Closed primary elections in New York are also seen as a way to suppress voters who aren’t registered with one of the two major political parties in the country. In New York, the effect of the closed primary system is that 28% of the state aren’t able to vote in primary elections because they are registered with a third party.

“Closed primaries hamper our democracy,” the advocacy organization Open Primaries’s mission statement reads. “They produce elected officials more accountable to their party than to their constituents. They restrict participation and reinforce division. They exclude independent voters, the largest and fastest growing sector of the electorate. And closed primaries make it more difficult for the American people — voters and elected officials alike — to come together across ideological lines.”

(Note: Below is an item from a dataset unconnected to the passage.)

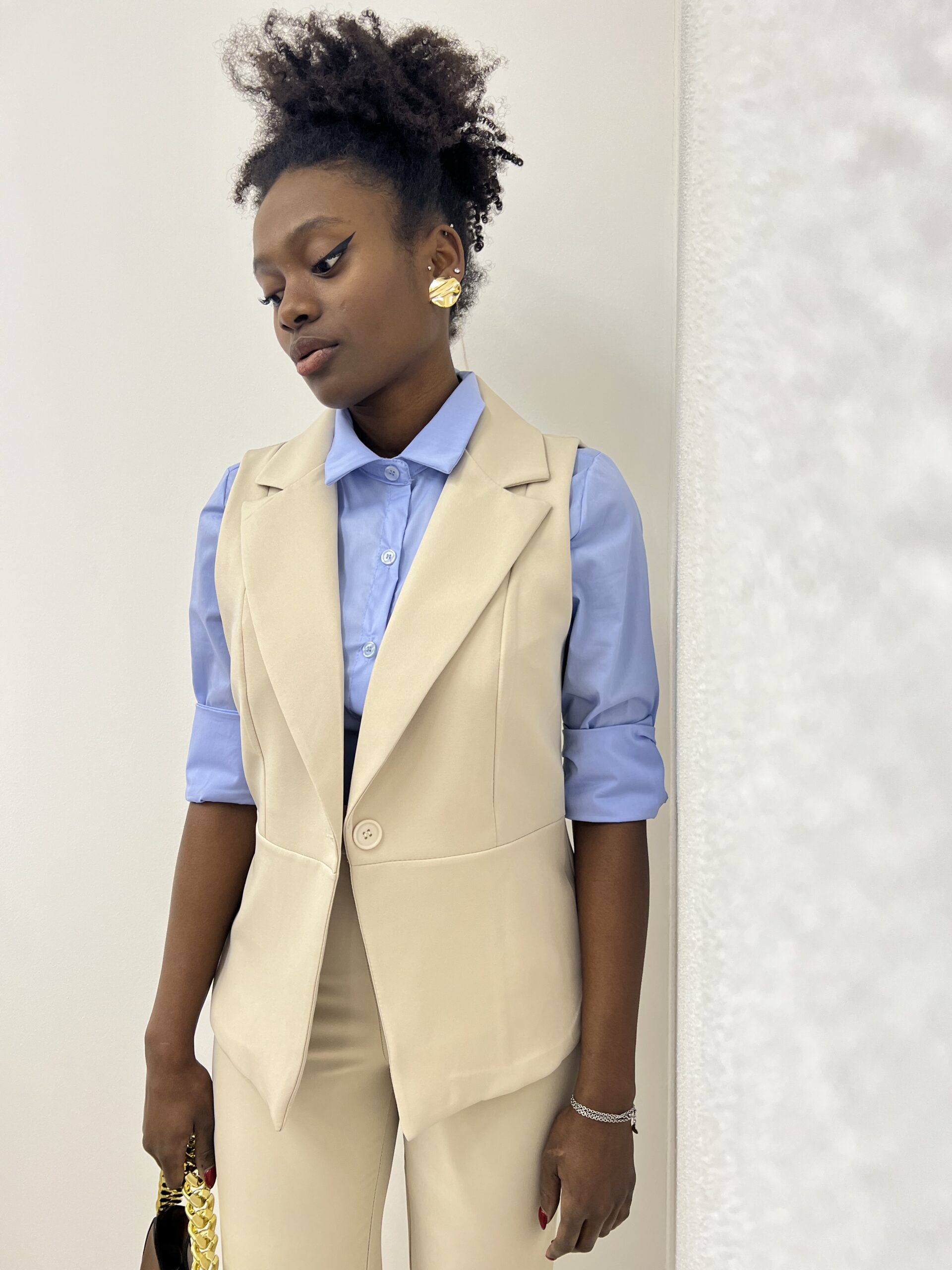 Gilet con scollo a V con dettaglio di bottone di chiusura tono su tono. Fodera interna.

A more recent concern has been ranked choice voting. Ranked choice voting is a type of ballot that allows voters to vote for more than one candidate in a particular race. New York City adopted ranked choice voting for municipal special elections and primaries after 73.5% of voters supported it as a ballot measure in 2019.

Supporters of ranked choice voting cite the new ballots as giving voters the opportunity to vote for more candidates than ever before and have more of a say in elections. Even if an individual’s first place candidate doesn’t win, their lower votes could still help their second, third, fourth or fifth choice candidate win the election.

Opponents, however, do not think so.

“It is sophisticated voter suppression, but it is voter suppression,” former Queens city councilman named Daneek Miller said last year. When he was in office, Miller went so far as to sponsor a failed bill that would have repealed ranked choice voting from the City Charter until November 2021.

But there’s evidence that ranked choice voting did not disenfranchise average voters. The mayoral and council primary elections last June saw a 29% increase in voter turnout, according to a political science professor who talked to a local journalism blog call the City. In fact, about a million New Yorkers voted in that election, and only 15% of those ballots ended up “wasted” – which is when a voter votes only for candidate who didn’t make the top two spots of the race. In the 2013 mayoral primary, that number had been 33%.